> _Exercise_: Leave the pictures out and quote only the lines from the one with "Clingfilm should be" down to the end of the listing below.

━━ Dataset excerpt ━━

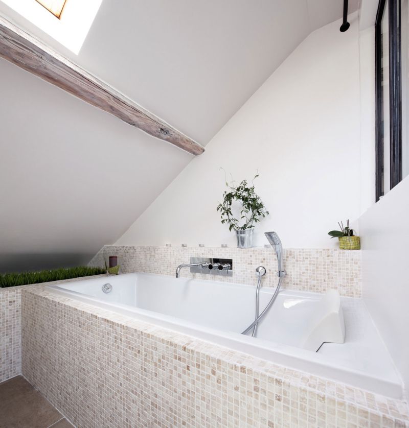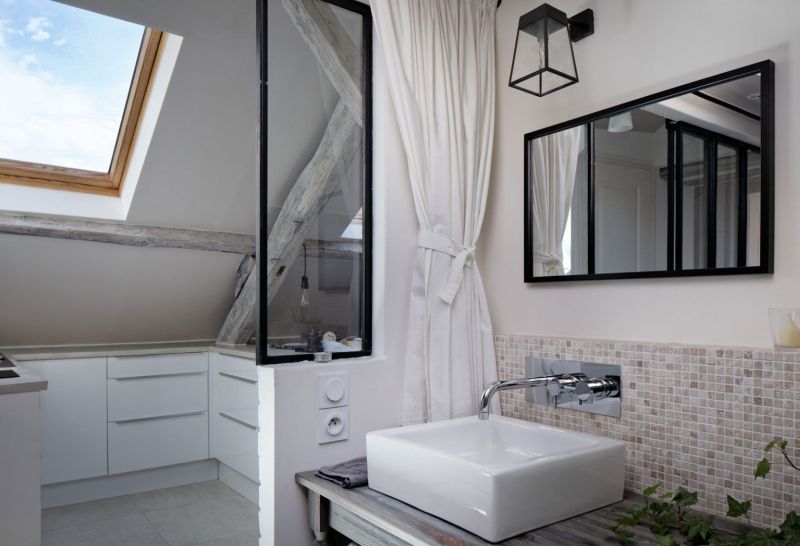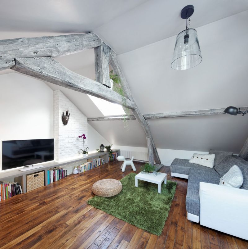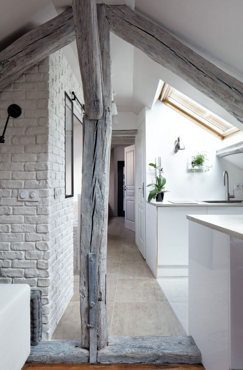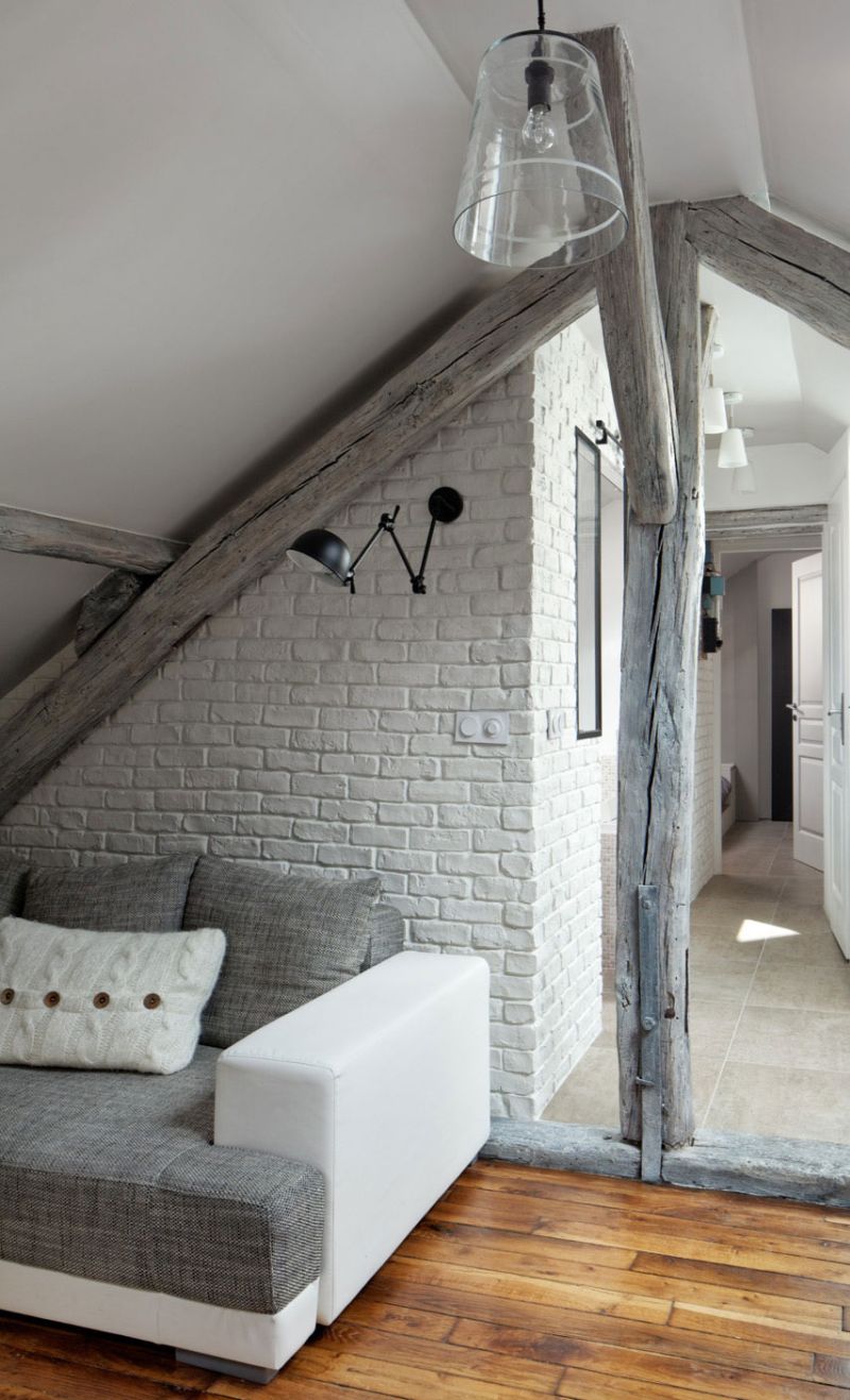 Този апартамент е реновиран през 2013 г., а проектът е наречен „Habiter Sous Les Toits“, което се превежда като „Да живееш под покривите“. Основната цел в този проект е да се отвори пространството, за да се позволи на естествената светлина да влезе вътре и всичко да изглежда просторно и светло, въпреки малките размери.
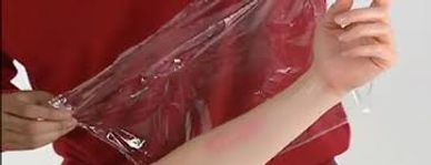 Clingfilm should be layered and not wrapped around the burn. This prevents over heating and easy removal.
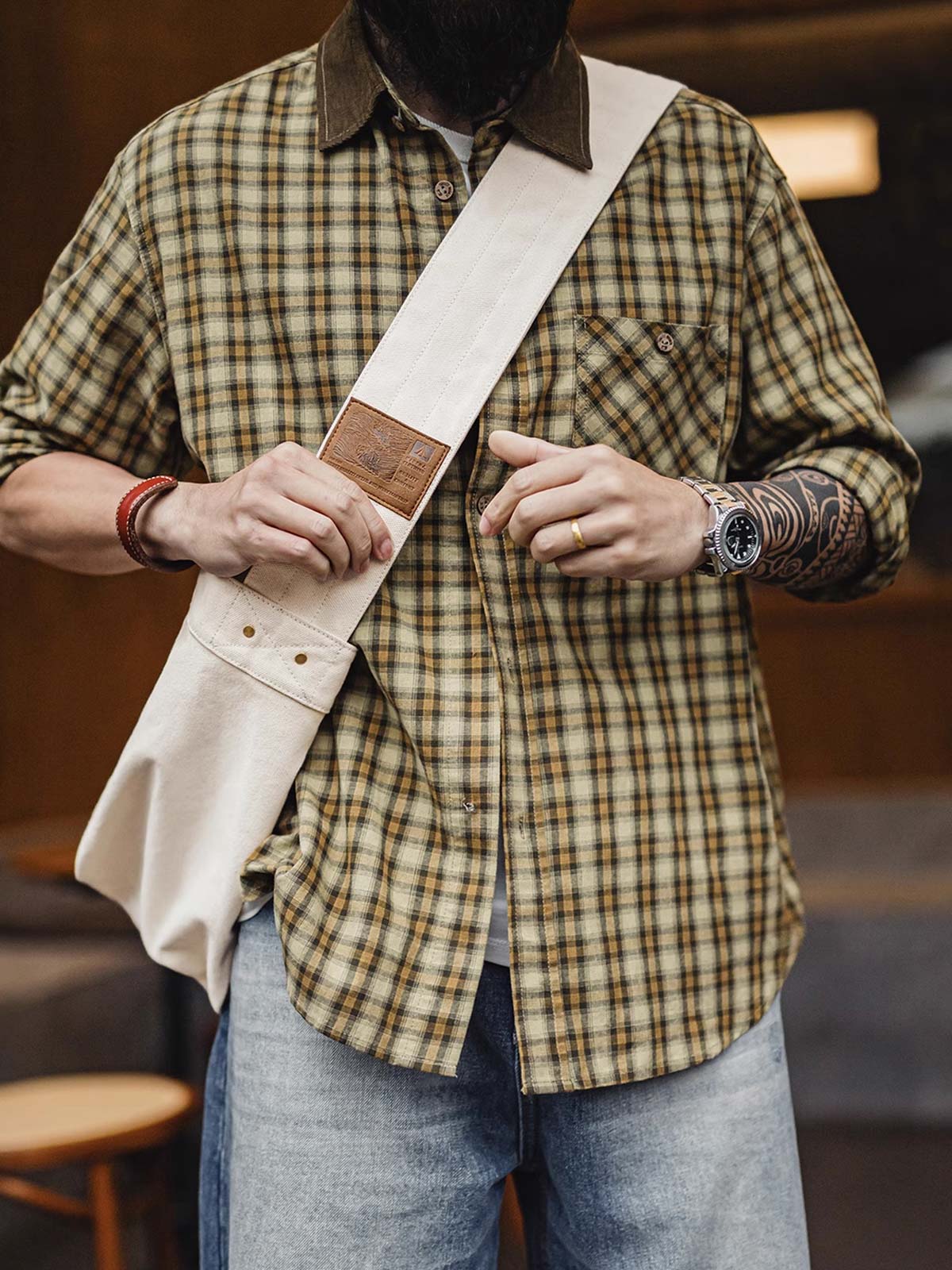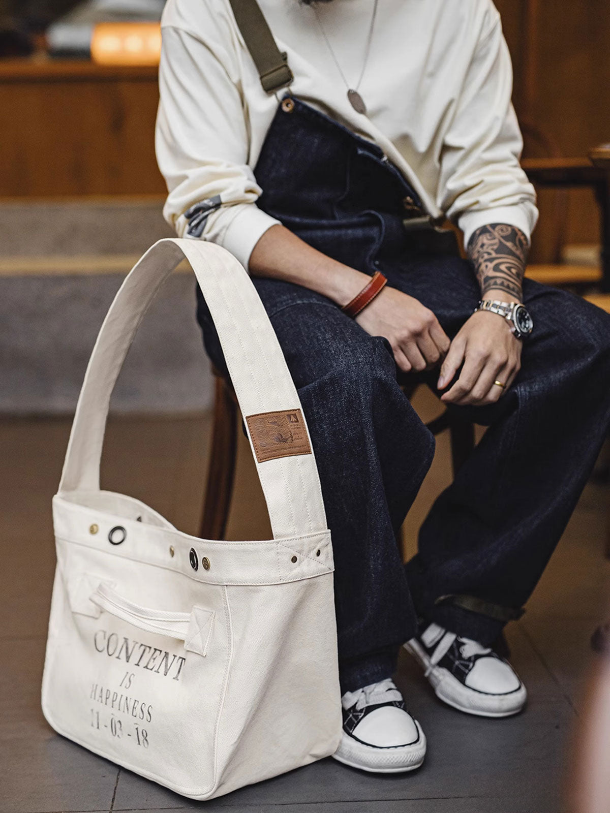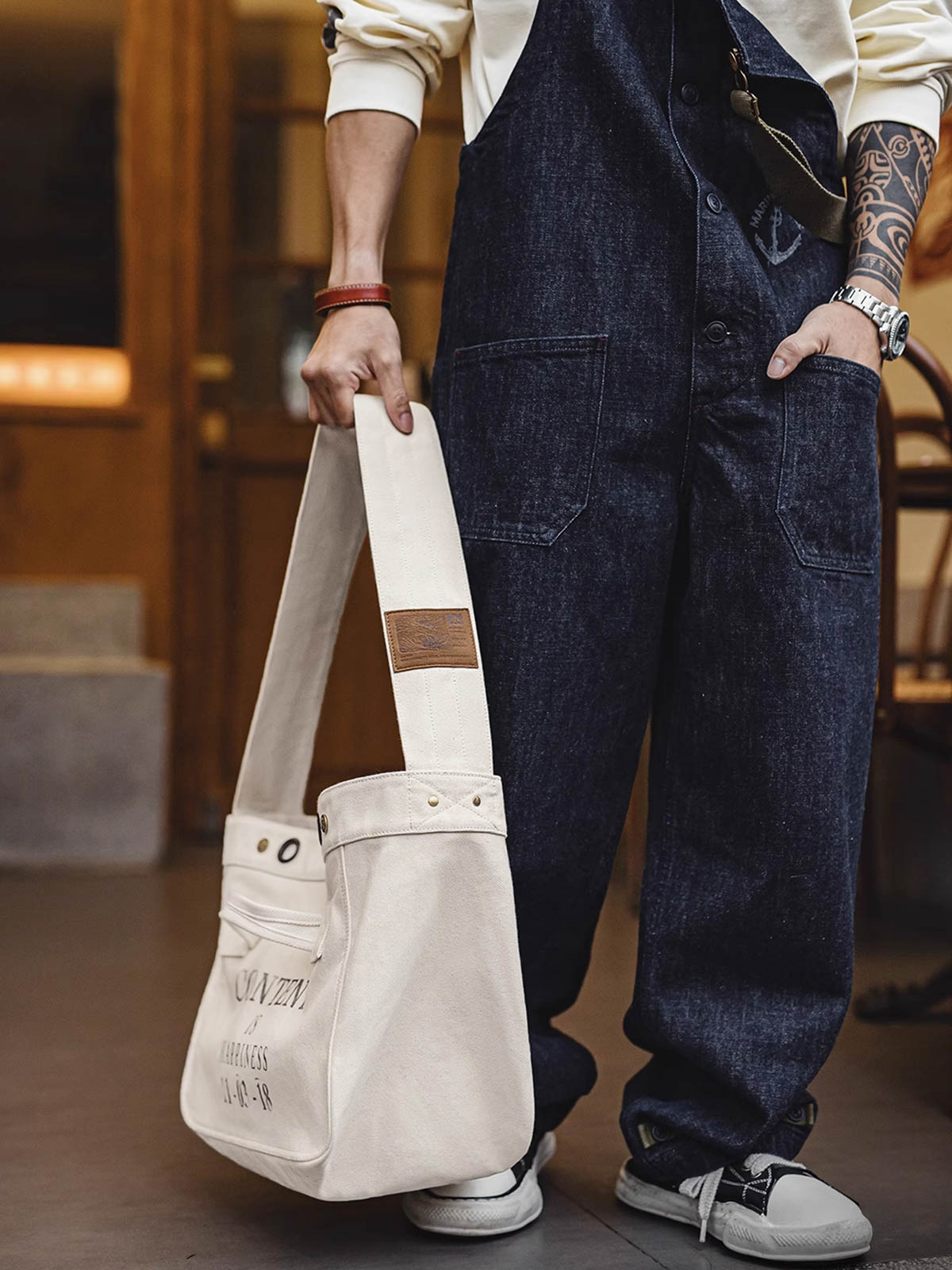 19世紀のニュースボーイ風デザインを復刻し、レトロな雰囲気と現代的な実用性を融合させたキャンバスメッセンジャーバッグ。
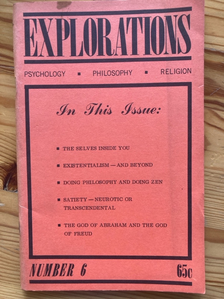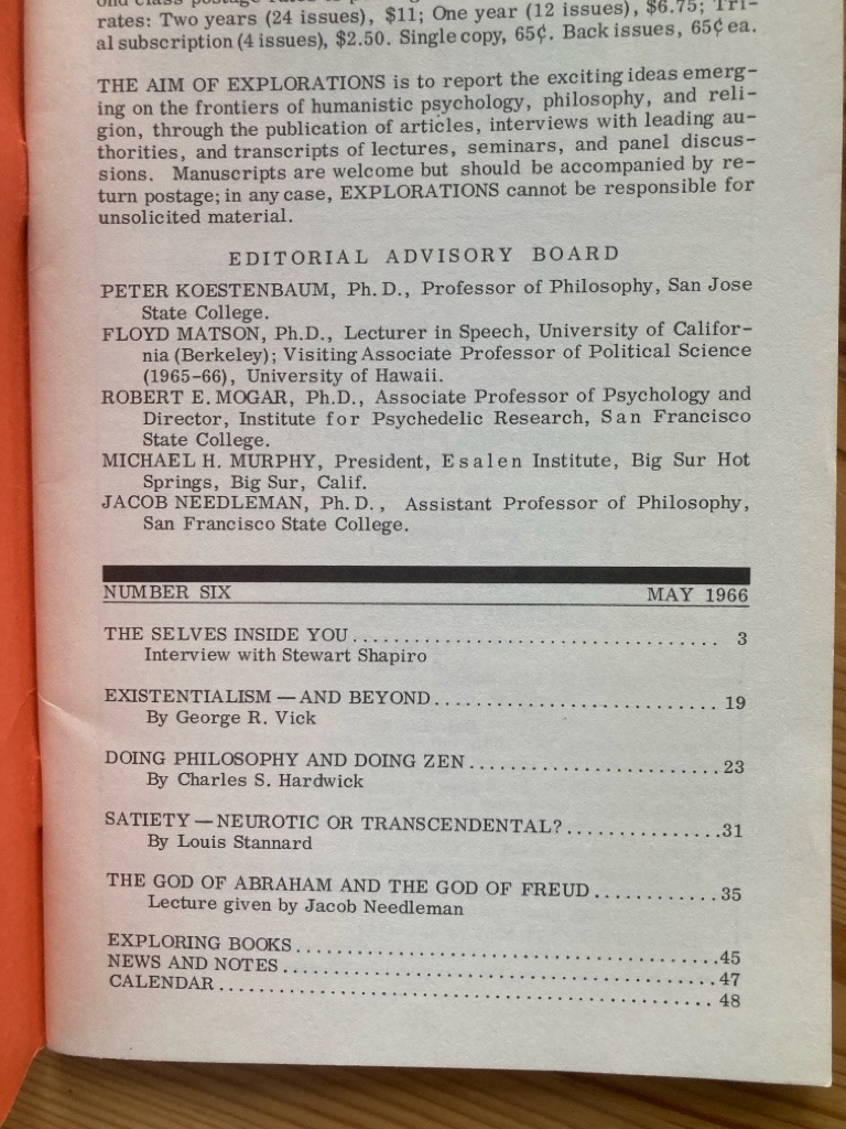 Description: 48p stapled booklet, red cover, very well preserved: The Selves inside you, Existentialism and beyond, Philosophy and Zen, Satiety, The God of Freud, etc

━━━

> _Solution for this problem_:
 Clingfilm should be layered and not wrapped around the burn. This prevents over heating and easy removal.
 19世紀のニュースボーイ風デザインを復刻し、レトロな雰囲気と現代的な実用性を融合させたキャンバスメッセンジャーバッグ。
 Description: 48p stapled booklet, red cover, very well preserved: The Selves inside you, Existentialism and beyond, Philosophy and Zen, Satiety, The God of Freud, etc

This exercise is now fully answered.